Fine-tuning takes time, depending on the model size, dataset size, and hyperparameters. Your job progresses through several states: `pending → queued → running → uploading → completed`.

<Tip>Queue wait time varies by platform load and is typically under an hour. Once a job is running, you can estimate remaining training time by multiplying the first epoch's duration by `n_epochs`; the epoch duration appears in the event log.

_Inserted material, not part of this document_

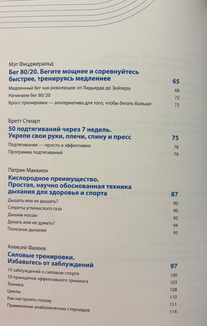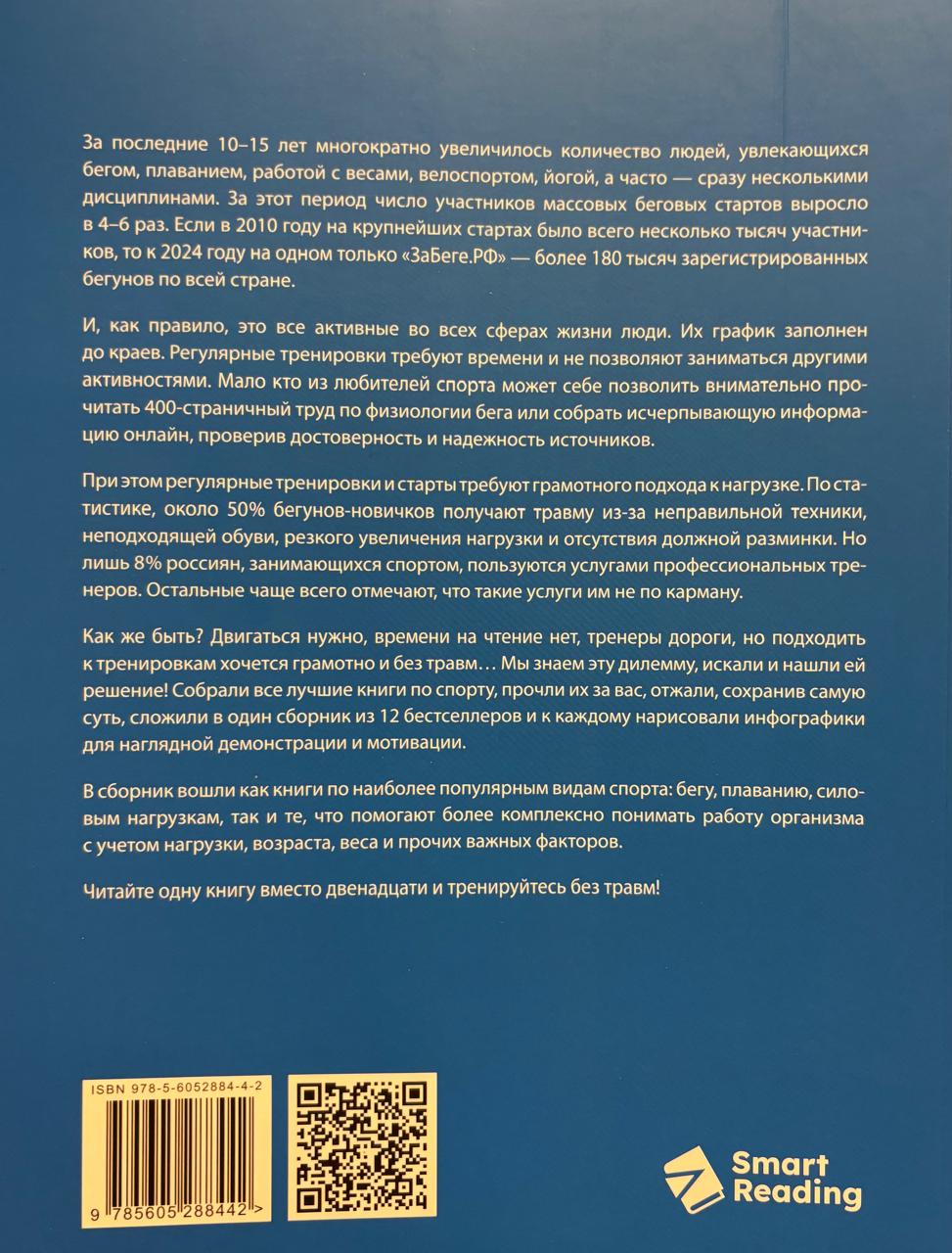 В сборник вошли как книги по наиболее популярным видам спорта: бегу, плаванию, силовым нагрузкам, так и те, что помогают более комплексно понимать работу организма с учетом нагрузки, возраста, веса и прочих важных факторов.

Save your job ID: you can resume monitoring at any time without re-uploading data.</Tip>

You can monitor and manage progress with the following methods:

* **List all jobs**: `client.fine_tuning.list()`
* **Status of a job**: `client.fine_tuning.retrieve(id=ft_resp.id)`
* **List all events for a job**: `client.fine_tuning.list_events(id=ft_resp.id)` - Retrieves logs and events generated during the job
* **Cancel job**: `client.fine_tuning.cancel(id=ft_resp.id)`
* **Download fine-tuned model**: `client.fine_tuning.download(id=ft_resp.id)` (v1) or `client.fine_tuning.with_streaming_response.content(ft_id=ft_resp.id)` (v2)

Once the job is complete (`status == 'completed'`), the response from `retrieve` contains the name of your newly created fine-tuned model in the `x_model_output_name` field. It follows the pattern `<your-account>/<base-model-name>:<suffix>:<job-id>`. This field is empty while the job is `pending`, `queued`, or `running`.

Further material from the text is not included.